Comparable earnings exclude the unrealized gains and losses from changes in the fair value of certain derivatives used to reduce our exposure to specific financial and commodity price risks. These derivatives generally provide effective economic hedges but do not meet the criteria for hedge accounting. As a result, the changes in fair value are recorded in net income. As these amounts do not accurately reflect the gains and losses that will be realized at settlement, we do not consider them part of our underlying operations. We also exclude the unrealized foreign exchange gains and losses on the Loan receivable from affiliate as well as the corresponding proportionate share of Sur de Texas foreign exchange gains and losses, as these amounts do not accurately reflect the gains and losses that will be realized at settlement. These amounts offset within each reporting period, resulting in no impact on net income.
In third quarter 2021, comparable earnings also excluded:
a $55 million after-tax expense with respect to transition payments incurred as part of the VRP
preservation and other costs of $11 million after tax primarily related to the preservation and storage of Keystone XL pipeline project assets.
In second quarter 2021, comparable earnings also excluded:
an incremental $2 million after-tax asset impairment charge, net of expected contractual recoveries and other contractual and legal obligations, related to the termination of the Keystone XL pipeline project
preservation and other costs of $16 million after tax primarily related to the preservation and storage of Keystone XL pipeline project assets and interest expense on the Keystone XL project-level credit facility prior to its termination
a $13 million after-tax recovery of certain costs from the IESO associated with the Ontario natural gas-fired power plants sold in 2020.

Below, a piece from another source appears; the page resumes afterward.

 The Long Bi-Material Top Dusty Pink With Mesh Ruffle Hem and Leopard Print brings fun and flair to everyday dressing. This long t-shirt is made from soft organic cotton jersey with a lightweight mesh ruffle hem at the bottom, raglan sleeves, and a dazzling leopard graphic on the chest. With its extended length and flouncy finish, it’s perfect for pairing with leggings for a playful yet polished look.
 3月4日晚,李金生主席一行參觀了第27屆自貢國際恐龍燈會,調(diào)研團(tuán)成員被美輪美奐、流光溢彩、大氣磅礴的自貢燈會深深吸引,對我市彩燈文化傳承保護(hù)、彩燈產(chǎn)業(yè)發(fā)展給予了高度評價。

In first quarter 2021, comparable earnings also excluded:
an after-tax asset impairment charge, net of expected contractual recoveries and other contractual and legal obligations, of $2.2 billion related to the formal suspension of the Keystone XL pipeline project following the January 20, 2021 revocation of the Presidential Permit.
In fourth quarter 2020, comparable earnings also excluded:
an income tax valuation allowance release of $18 million related to certain prior years' U.S. income tax losses resulting from our reassessment of deferred income tax assets that are more likely than not to be realized
an additional $18 million income tax recovery related to state income taxes on the sale of certain Columbia Midstream assets in 2019
an incremental after-tax loss of $81 million for the three months ended December 31, 2020 related to the sale of our Ontario natural gas-fired power plants.

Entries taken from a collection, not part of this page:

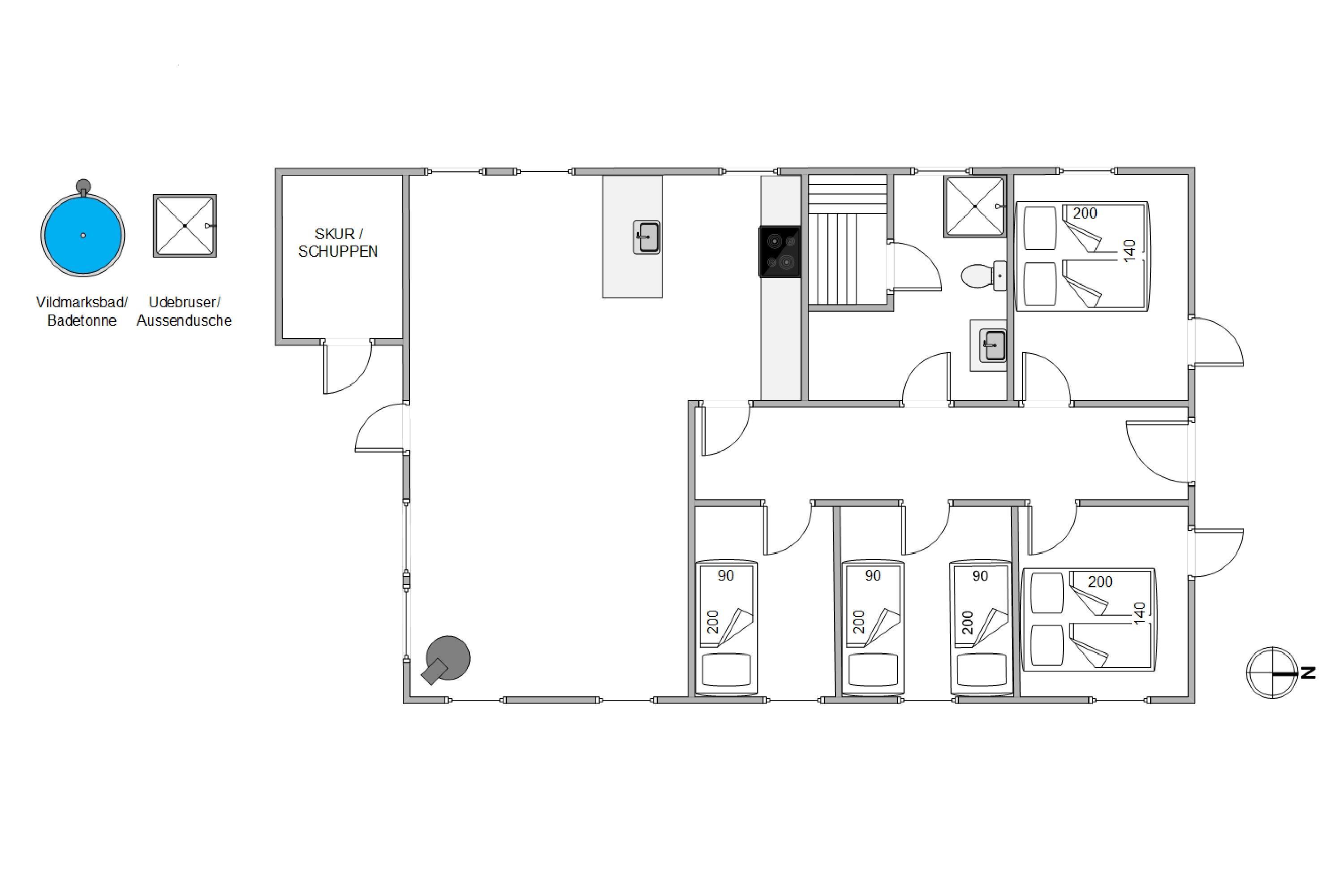 Efter en oplevelsesrig dag i det vestjyske er der rig mulighed for afslapning foran brændeovnen, mens I ser en god film eller serie. Det åbne samtalekøkken er moderne og velintegreret i resten af huset. Her kan feriekokken slå sig løs med hårde hvidevarer af høj kvalitet. Køkkenet er bl.a. udstyret med opvaskemaskine, mikroovn og køleskab med en 40L fryser.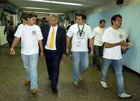 Acompañado por sus hijos, Andrés Manuel López Obrador camina por el pasaje Zócalo-Pino Suárez del Metro, luego de que la convención nacional democrática lo nombró "presidente legítimo de México"
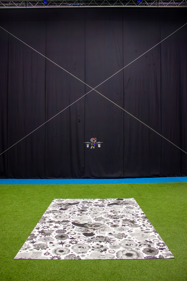 神經形態無人機飛越花朵圖案,無人機從放在角落的神經形態相機接收到視覺輸入。紅色表示像素變暗,綠色表示像素變亮。

In third quarter 2020, comparable earnings also excluded:
an incremental after-tax loss of $45 million related to the sale of the Ontario natural gas-fired power plants
a $6 million reduction in the after-tax gain related to the sale of a 65 per cent equity interest in Coastal GasLink LP.
In second quarter 2020, comparable earnings also excluded:
an after-tax gain of $408 million related to the sale of a 65 per cent equity interest in Coastal GasLink LP
an incremental after-tax loss of $80 million related to the sale of the Ontario natural gas-fired power plants.
In first quarter 2020, comparable earnings also excluded:
an income tax valuation allowance release of $281 million following our reassessment of deferred income tax assets that are deemed more likely than not to be realized
an incremental after-tax loss of $77 million related to the Ontario natural gas-fired power plant assets held for sale.
TC Energy Third Quarter 2021 | 45



In fourth quarter 2019, comparable earnings also excluded:
an income tax valuation allowance release of $195 million related to certain prior years' U.S. income tax losses resulting from our reassessment of deferred income tax assets that are more likely than not to be realized
an incremental after-tax loss of $61 million related to the Ontario natural gas-fired power plant assets held for sale
an additional $19 million expense related to state income taxes on the sale of certain Columbia Midstream assets.